HOW TO COMPLETE THIS TASK –
Your task is to give the records again exactly. Leave each picture out.

____

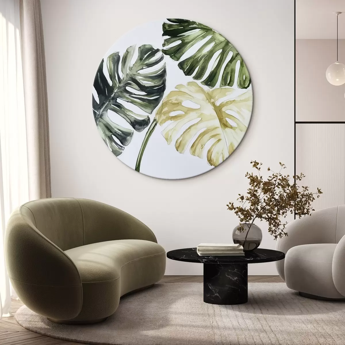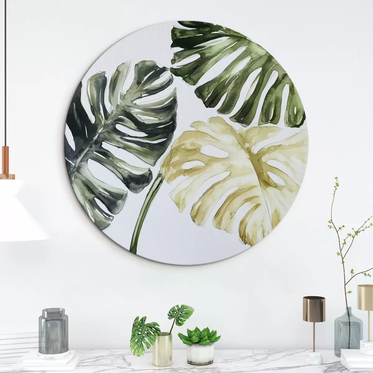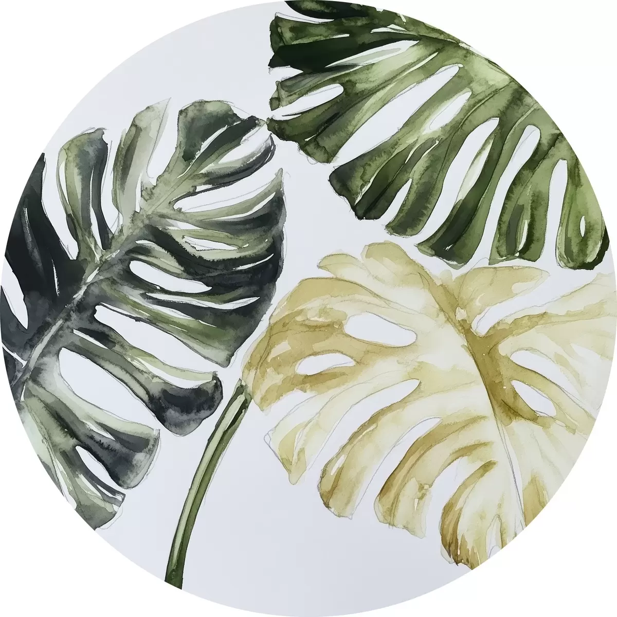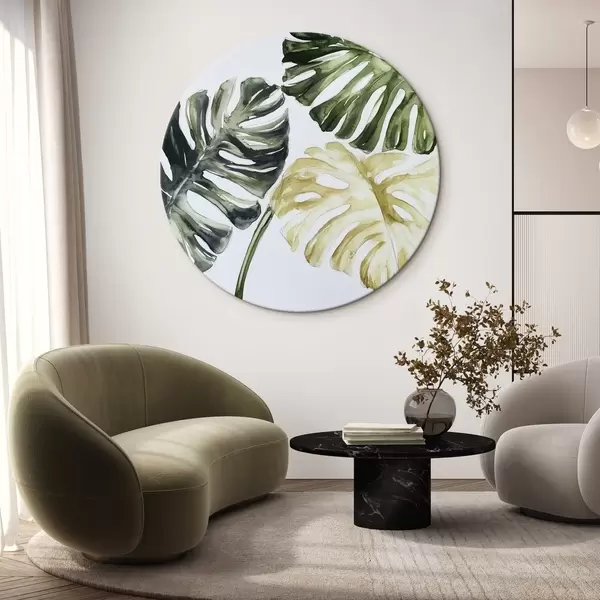 Apaļas gleznas Tropu lapas uz balta fona r43304
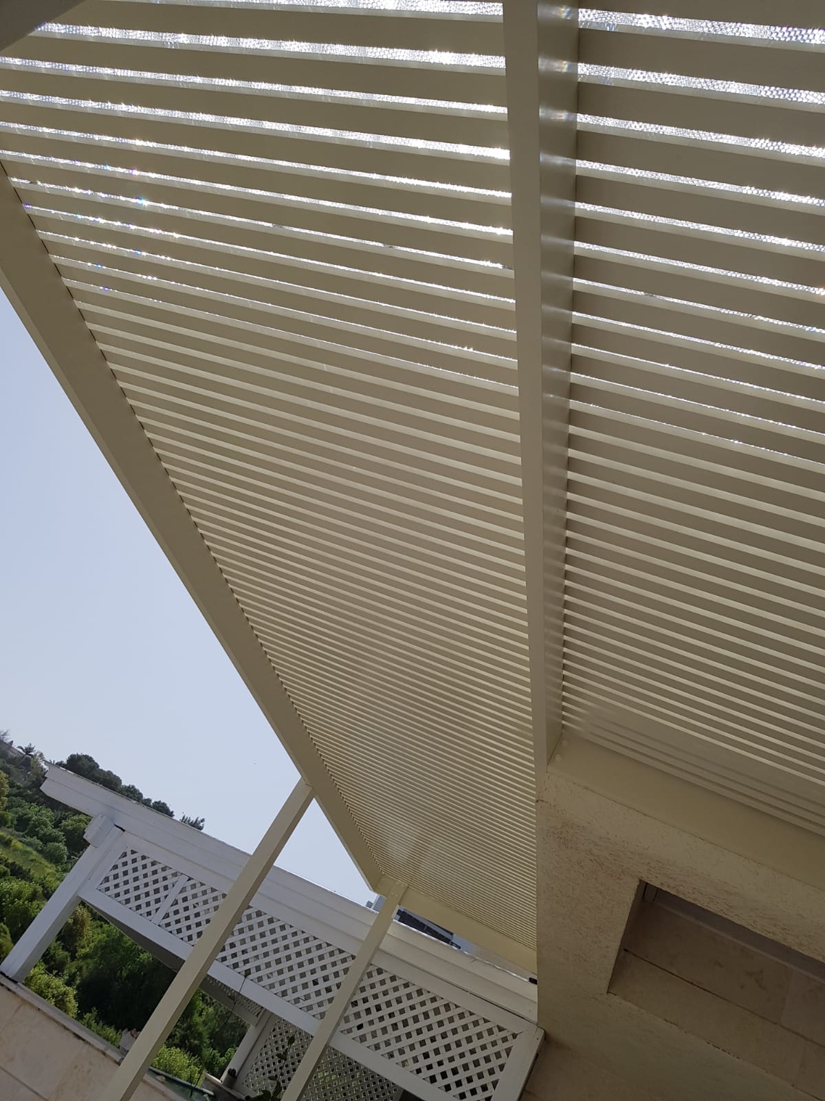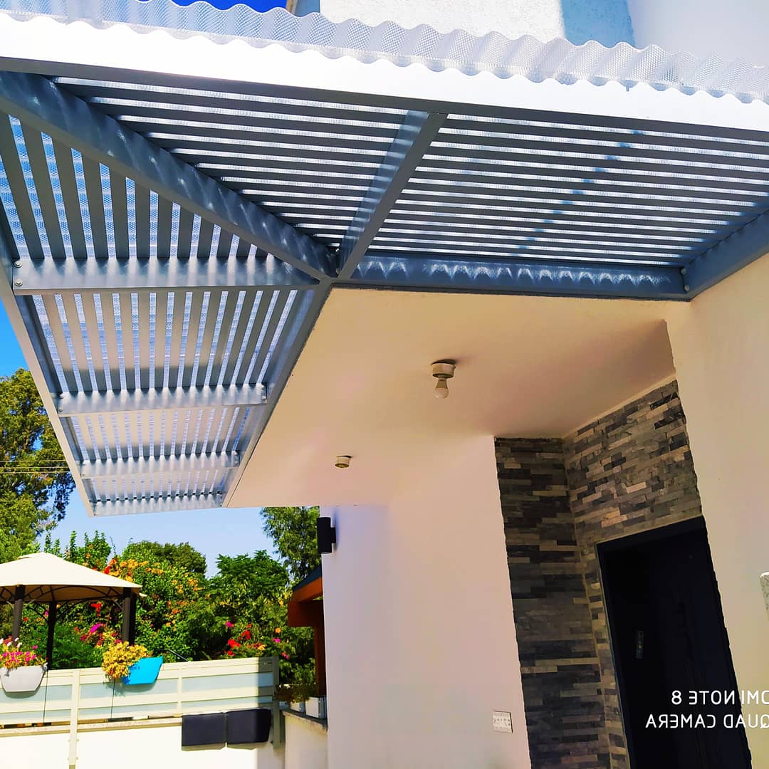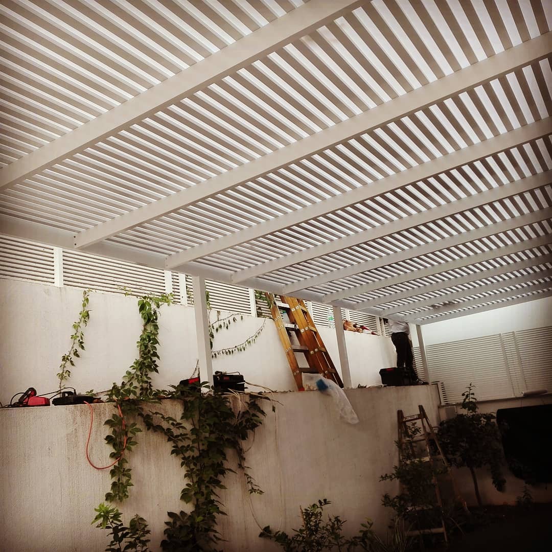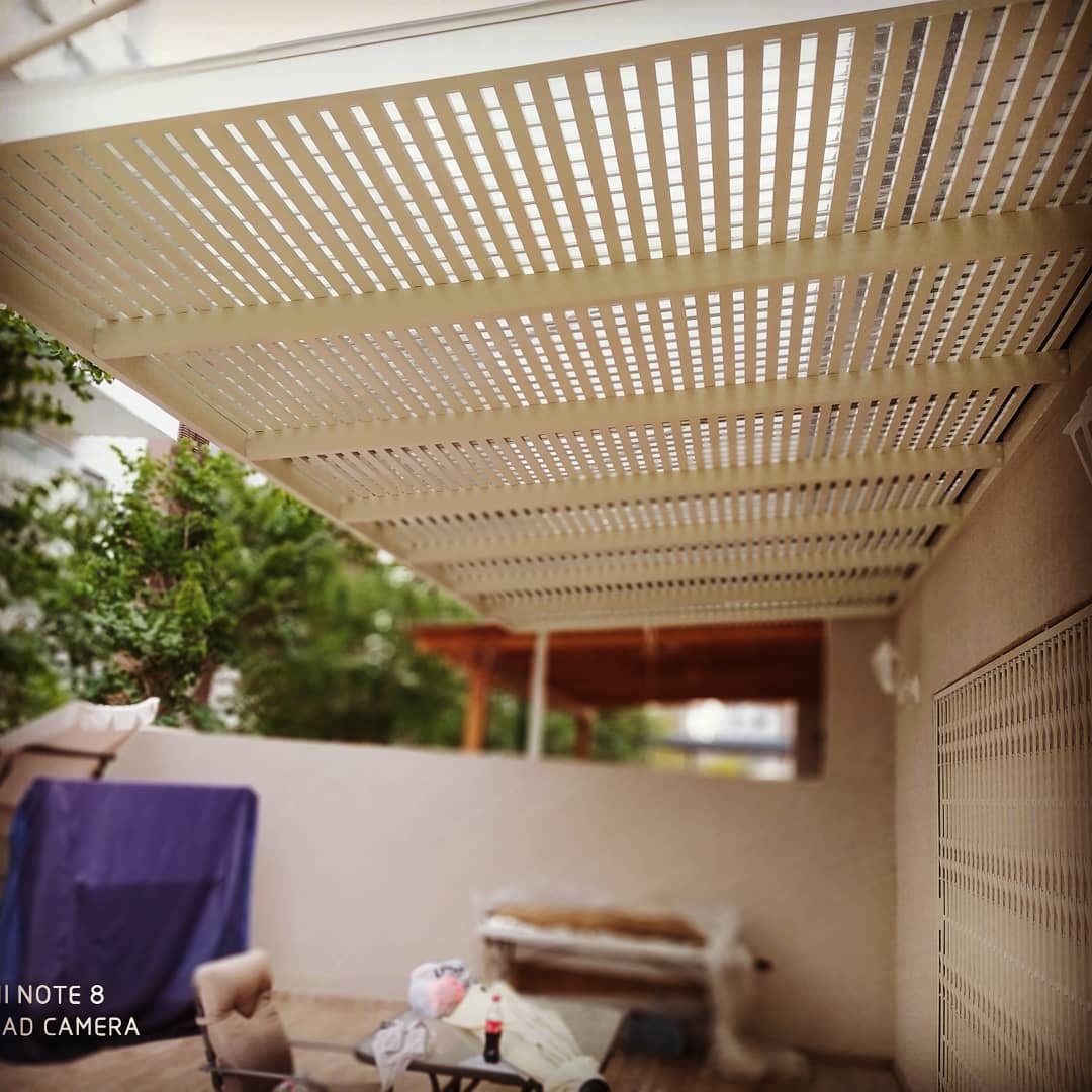 פרגולה קבועה הצללה עליונה. פרגולת אלומיניום קבועה דגם היי-טק הצללה עליונה פרופיל 120/40 רווח 2 ס”מ או 3-4 ס”מ קרוי נגד חדירת גשם סנטף\סנטף BH שקוף. פרגולת הייטק היא פרגולה עם טוויסט מודרני. עשוייה מאלומיניום ובעלת עיצוב מלוטש והיי-טקי. פרגולות אלו מותקנות בדרך כלל במרפסות, בתי עסק או בכניסה לבתים.
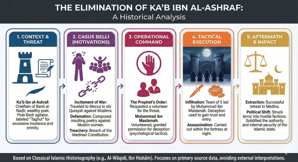The assassination of Ka'b ibn al-Ashraf was a pivotal "special operation" in Islamic history. It neutralized a significant existential threat who was actively mobilizing enemy forces against Medina. The operation demonstrated the use of intelligence, psychological warfare, and the principle that security agreements (covenants) are nullified by treason.
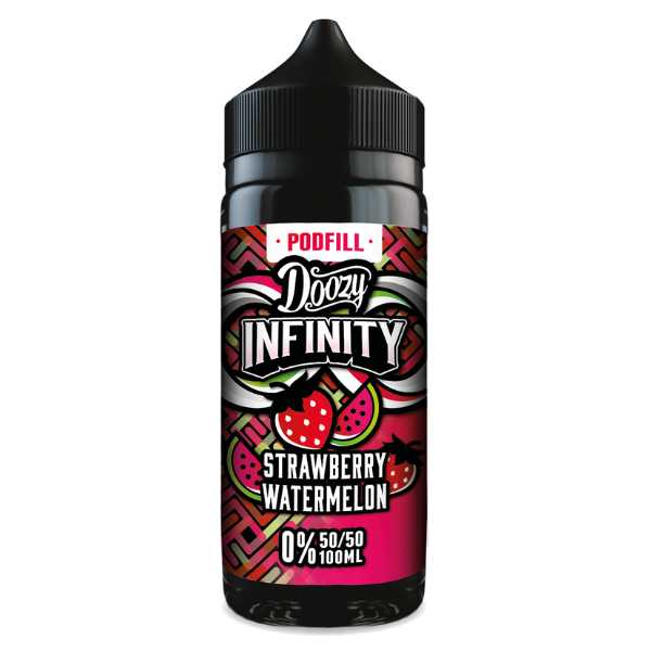 Strawberry Watermelon 50VG shortfill e-liquid by Doozy Infinity blends juicy strawberries with sweet tropical watermelon for a smooth and refreshing all-day vape.
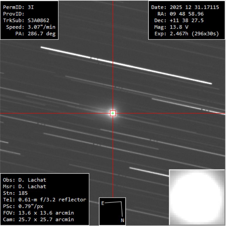 | 2025-12-31T02:57:40Z | 3I/ATLAS | C/2025 N1 | Interstellar comet | 0.3-5.6 km | 3 (3"/min) | ASI6200MM-Pro / BIN2 | 296x30s / 3h25 | SJA0862 | 13.6 V | D. Lachat | cmt/pct queue | |
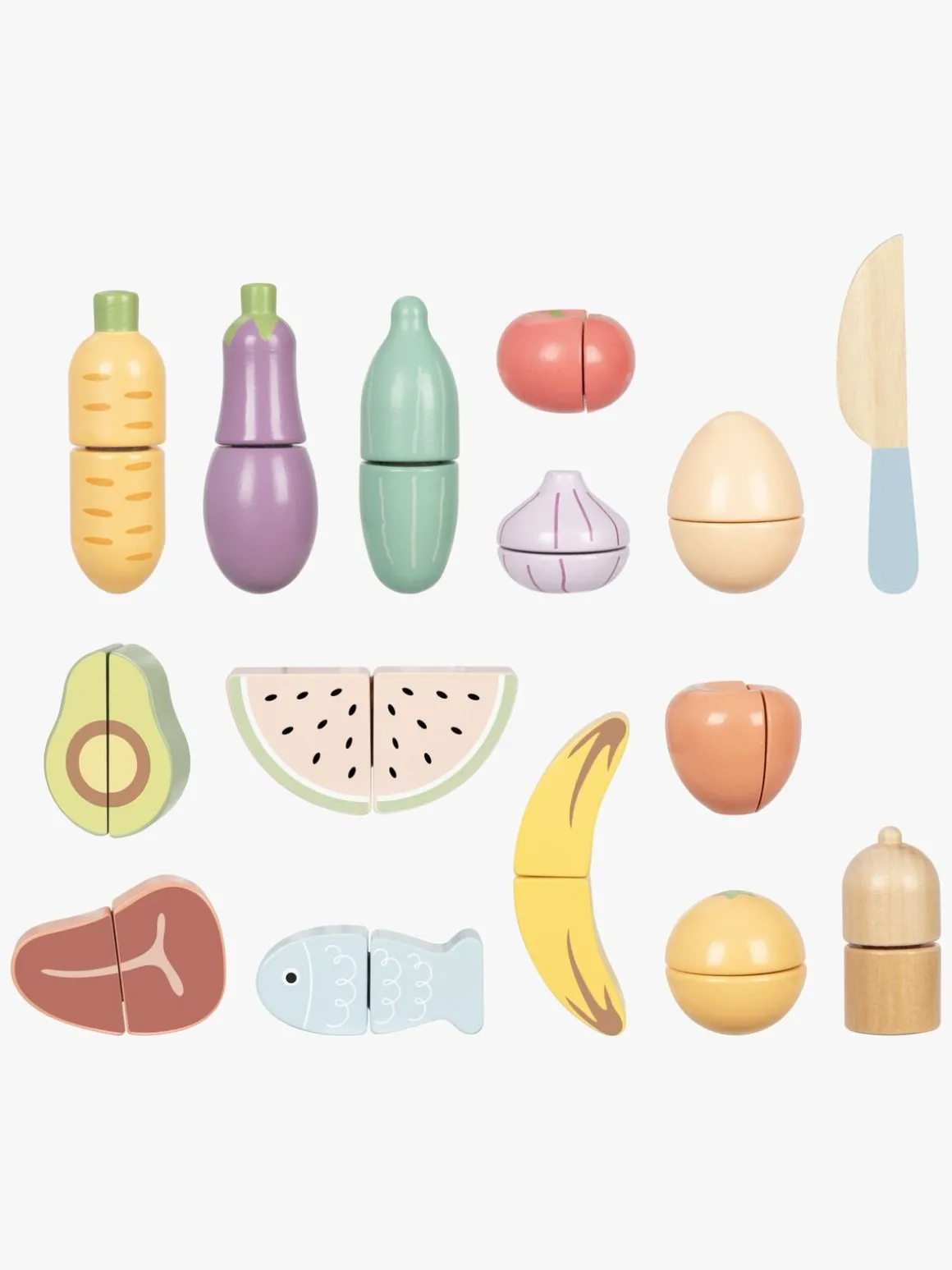 – Indeholder: 1 kurv, 1 skærebræt, 1 legetøjskniv, 13 fødevarer.

____

SOLUTION –
 Apaļas gleznas Tropu lapas uz balta fona r43304
 פרגולה קבועה הצללה עליונה. פרגולת אלומיניום קבועה דגם היי-טק הצללה עליונה פרופיל 120/40 רווח 2 ס”מ או 3-4 ס”מ קרוי נגד חדירת גשם סנטף\סנטף BH שקוף. פרגולת הייטק היא פרגולה עם טוויסט מודרני. עשוייה מאלומיניום ובעלת עיצוב מלוטש והיי-טקי. פרגולות אלו מותקנות בדרך כלל במרפסות, בתי עסק או בכניסה לבתים.
The assassination of Ka'b ibn al-Ashraf was a pivotal "special operation" in Islamic history. It neutralized a significant existential threat who was actively mobilizing enemy forces against Medina. The operation demonstrated the use of intelligence, psychological warfare, and the principle that security agreements (covenants) are nullified by treason.
 Strawberry Watermelon 50VG shortfill e-liquid by Doozy Infinity blends juicy strawberries with sweet tropical watermelon for a smooth and refreshing all-day vape.
 | 2025-12-31T02:57:40Z | 3I/ATLAS | C/2025 N1 | Interstellar comet | 0.3-5.6 km | 3 (3"/min) | ASI6200MM-Pro / BIN2 | 296x30s / 3h25 | SJA0862 | 13.6 V | D. Lachat | cmt/pct queue | |
 – Indeholder: 1 kurv, 1 skærebræt, 1 legetøjskniv, 13 fødevarer.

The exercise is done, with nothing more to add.